[[ Exercise input open ]]

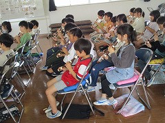 3年生が5校時に、リコーダー講習会を行いました。3年生の音楽科の学習で初めてリコーダーを使い始めます。リコーダーの種類やタンギングの仕方、指のおさえ方など、興味深く講師の先生のお話を聞いていました。
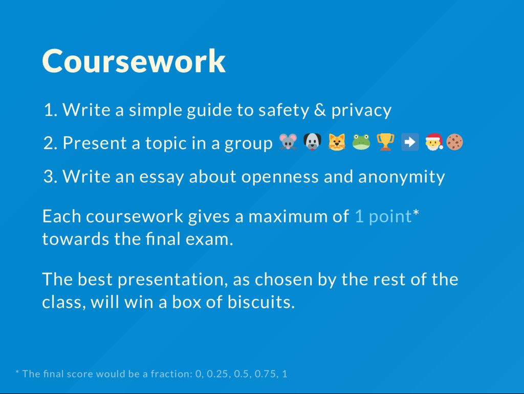2. Present a topic in a group 3. Write an essay about openness and anonymity Each coursework gives a maximum of 1 point* towards the nal exam. The best presentation, as chosen by the rest of the class, will win a box of biscuits. * The nal score would be a fraction: 0, 0.25, 0.5, 0.75, 1
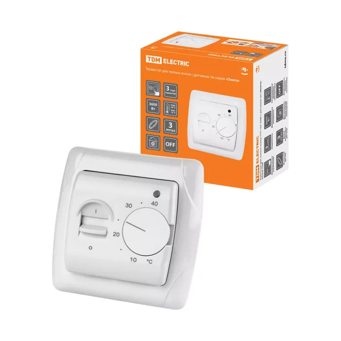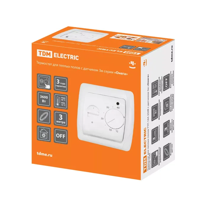 Термостат для теплых полов ТТП 16А 250В с датчиком 3м "Онега" белый TDM
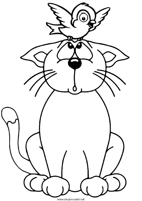 Kafasına kuş konan kedi boyama sayfası ve kedi boyaması oyunu, renkli çizimi kitabı siyah beyaz kalıbı boyamaları, basit, kolay, zor kedi boyama sayfaları. Kedi nasıl çizilir, ücretsiz çıkartın veya pdf resimleri indirin. Kindergarten, preschool free cat coloring pages download and printables kids.
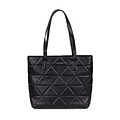 Практичная черная сумка-шопер из искусственной кожи с трендовой стеганой фактурой. Широкие ручки способствуют равномерному распределению нагрузки. Модель с одним вместительным отделением и карманами для мелочей. Сумка отлично дополнит повседневные образы.
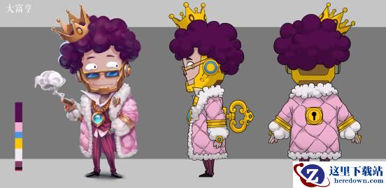 一头乱糟糟的爆炸头也染成了高贵的紫色,并戴上以闪瞎小工狗眼的纯金王冠,以前单薄的工作服白大褂也换成了粉红色的貂绒外套,外加胸前那大到夸张的蓝宝石,内衬不再是铁皮壳子而是换上了紧致的亮红色西装,身后巨大的发条保留了他作为一个科技狂魔改造自己的证据

[[ Exercise input closed ]]

Problem details - What is needed is every entry above, repeated exactly, with the pictures dropped.

Final answer -
 3年生が5校時に、リコーダー講習会を行いました。3年生の音楽科の学習で初めてリコーダーを使い始めます。リコーダーの種類やタンギングの仕方、指のおさえ方など、興味深く講師の先生のお話を聞いていました。
2. Present a topic in a group 3. Write an essay about openness and anonymity Each coursework gives a maximum of 1 point* towards the nal exam. The best presentation, as chosen by the rest of the class, will win a box of biscuits. * The nal score would be a fraction: 0, 0.25, 0.5, 0.75, 1
 Термостат для теплых полов ТТП 16А 250В с датчиком 3м "Онега" белый TDM
 Kafasına kuş konan kedi boyama sayfası ve kedi boyaması oyunu, renkli çizimi kitabı siyah beyaz kalıbı boyamaları, basit, kolay, zor kedi boyama sayfaları. Kedi nasıl çizilir, ücretsiz çıkartın veya pdf resimleri indirin. Kindergarten, preschool free cat coloring pages download and printables kids.
 Практичная черная сумка-шопер из искусственной кожи с трендовой стеганой фактурой. Широкие ручки способствуют равномерному распределению нагрузки. Модель с одним вместительным отделением и карманами для мелочей. Сумка отлично дополнит повседневные образы.
 一头乱糟糟的爆炸头也染成了高贵的紫色,并戴上以闪瞎小工狗眼的纯金王冠,以前单薄的工作服白大褂也换成了粉红色的貂绒外套,外加胸前那大到夸张的蓝宝石,内衬不再是铁皮壳子而是换上了紧致的亮红色西装,身后巨大的发条保留了他作为一个科技狂魔改造自己的证据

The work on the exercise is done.